_Source material_
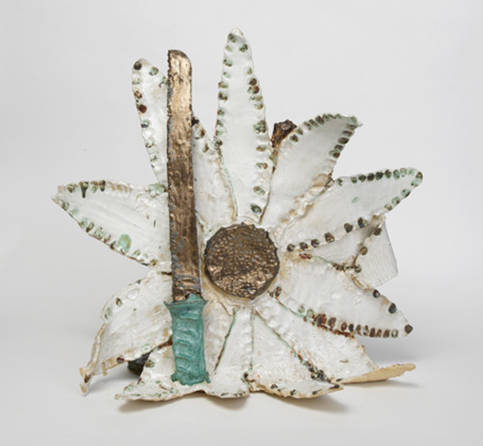 Who can resist an exhibition by an artist who runs a “radical and psychedelic ceramic workshop for artists”(a.k.a. Troy Town Art Pottery)? Or who cites influences ranging from the only magnolia-seed fossils ever found in England and Bram Stoker’s “awful final novel”, The Lair of the White Worm, to the Cherhill White Horse landmark (which apparently for many years owed its single glass eye to the artist’s 19th century ancestor Farmer Angell)? Suffice to say that Aaron Angell’s largest commission to date does not disappoint and that his arcane sources and his multifarious media—pottery, appliqué, embroidery, sheet metal, mouldy white sliced bread, flecked paintings on glass—all mesh together to form a bizarre but also cohesive and compellingly ritualistic whole.
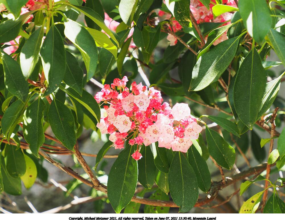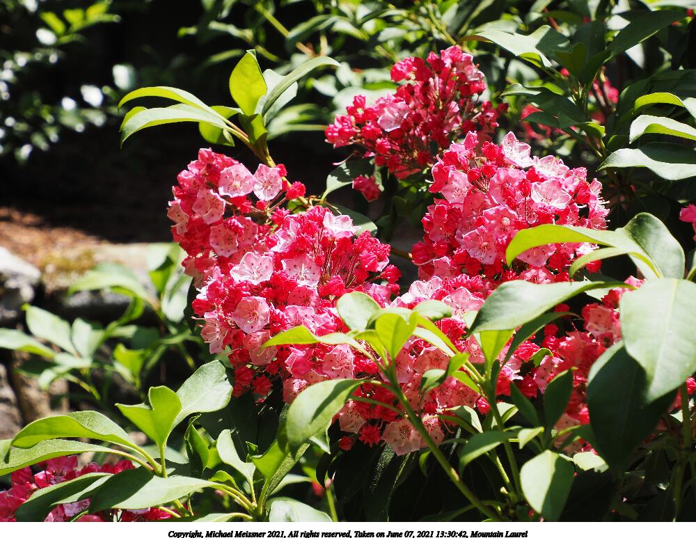 Picture #31: Mountain Laurel #3 1000x773, 306,456 bytes (300K), (html file) Copyright, Michael Meissner 2021, All rights reserved Olympus E-M5-III camera with Olympus-m43 12-200mm f/3.5-6.3 lens f/7.1, ISO 200, 1/125 sec, 28.0mm, auto mode, vivid color, matrix metering, IS Auto 35mm equivalent focal length 56.0mm Taken by Michael Meissner on June 07, 2021 13:30:14 Last modified on June 19, 2021 at 18:33 |
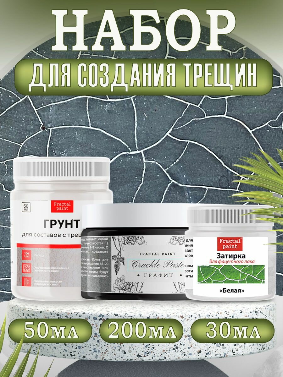Комбо для создания трещин (графит 200 мл + грунт 50 мл + затирка "Белая" 30 мл) информация:
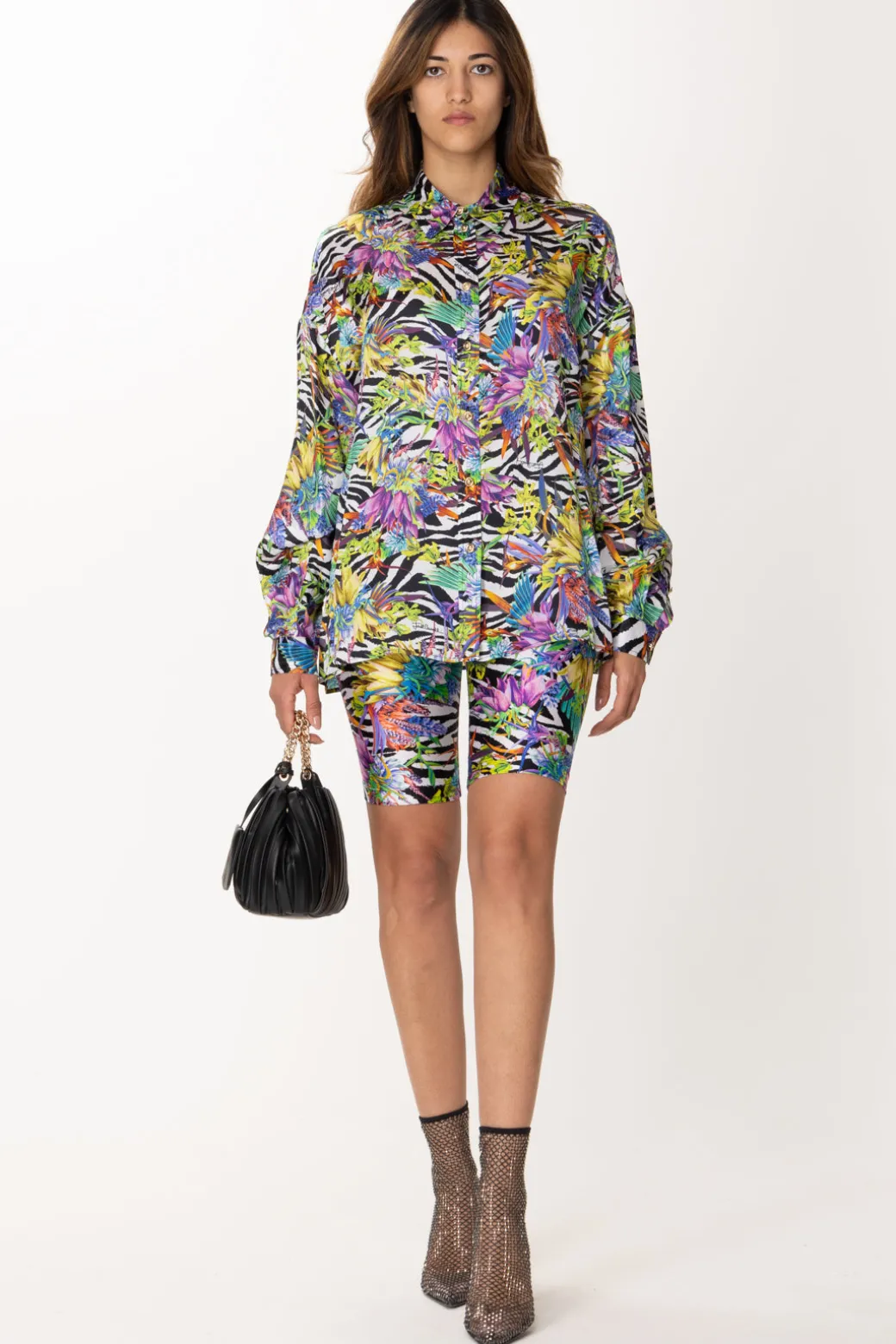 Leggins Just Cavalli dalla fantasia più grintosa che mai! Fit extra aderente e dal finish lucido con stampa animalier che contrasta una stampa floreale dai colori brillanti. A completare il tutto c’è la fascia in vita con logo lettering.
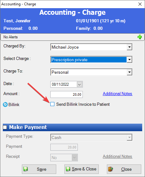 Instead of sending an SMS click on Send Billink. This opens up he charge dialogue and you can enter the relevant charge e.g. Prescription and the standard billink sms will be sent to the patient.
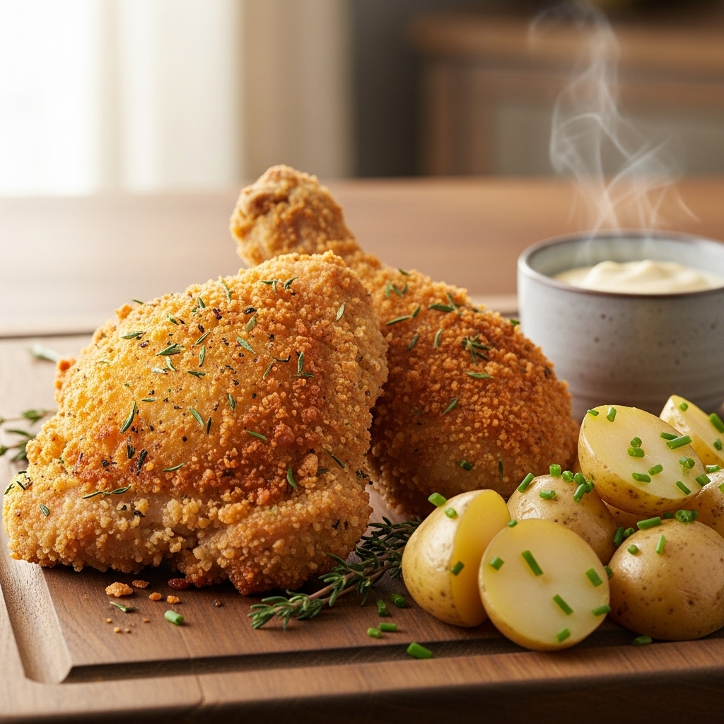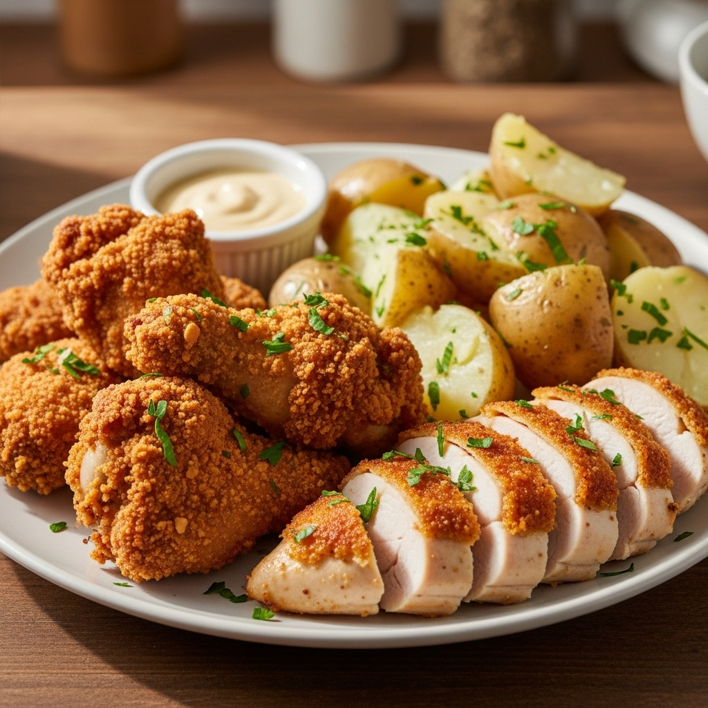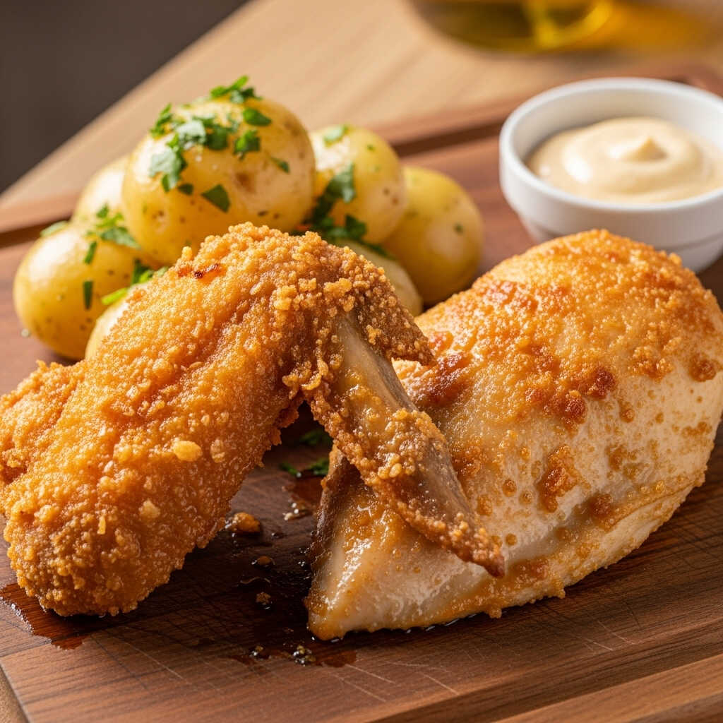 Delicioso pollo apanado acompañado de papa cocida, salsa de tomate, miel.
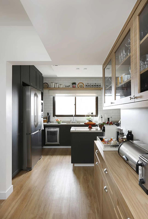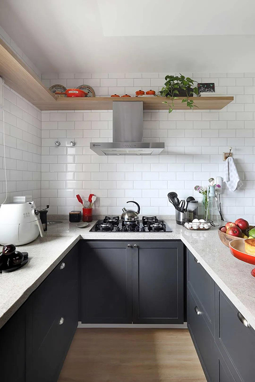 考慮到儲物空間也足夠了,這家人最后選擇舍棄傳統(tǒng)吊柜,而是以一排L型長擱板代替,做簡單的置物收納。
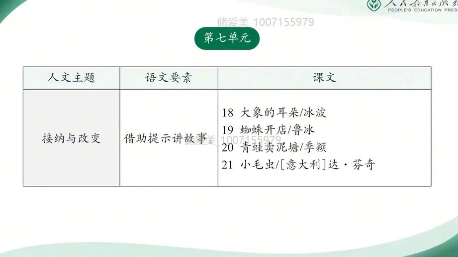 第七单元围绕“接纳与改变”这一人文主题展开,语文要素为借助提示语故事。本单元引导学生借助关键语句、示意图和插图等提示,梳理故事内容以及进行训练。既是第一学段学生把握内容组织语言的重要方法,也是发展逻辑思维与口头表达能力的有效途径,为三年级系统开展复述的训练奠定基础。教学时,教师应引导学生先走进故事本身,在朗读中理解内容,在梳理中把握情节,在品读中感受形象,进而结合生活经验,自然体会故事中蕴含的朴素的道理,要特别注意避免脱离文本空谈道理,或者对寓意进行过度的挖掘或拔高。

_Exercise prompt_
Could you repeat, exactly and with nothing else, the lines from the one containing "Leggins Just Cavalli" through the last line of the records above, leaving out the pictures?

_Answer area_
 Leggins Just Cavalli dalla fantasia più grintosa che mai! Fit extra aderente e dal finish lucido con stampa animalier che contrasta una stampa floreale dai colori brillanti. A completare il tutto c’è la fascia in vita con logo lettering.
 Instead of sending an SMS click on Send Billink. This opens up he charge dialogue and you can enter the relevant charge e.g. Prescription and the standard billink sms will be sent to the patient.
 Delicioso pollo apanado acompañado de papa cocida, salsa de tomate, miel.
 考慮到儲物空間也足夠了,這家人最后選擇舍棄傳統(tǒng)吊柜,而是以一排L型長擱板代替,做簡單的置物收納。
 第七单元围绕“接纳与改变”这一人文主题展开,语文要素为借助提示语故事。本单元引导学生借助关键语句、示意图和插图等提示,梳理故事内容以及进行训练。既是第一学段学生把握内容组织语言的重要方法,也是发展逻辑思维与口头表达能力的有效途径,为三年级系统开展复述的训练奠定基础。教学时,教师应引导学生先走进故事本身,在朗读中理解内容,在梳理中把握情节,在品读中感受形象,进而结合生活经验,自然体会故事中蕴含的朴素的道理,要特别注意避免脱离文本空谈道理,或者对寓意进行过度的挖掘或拔高。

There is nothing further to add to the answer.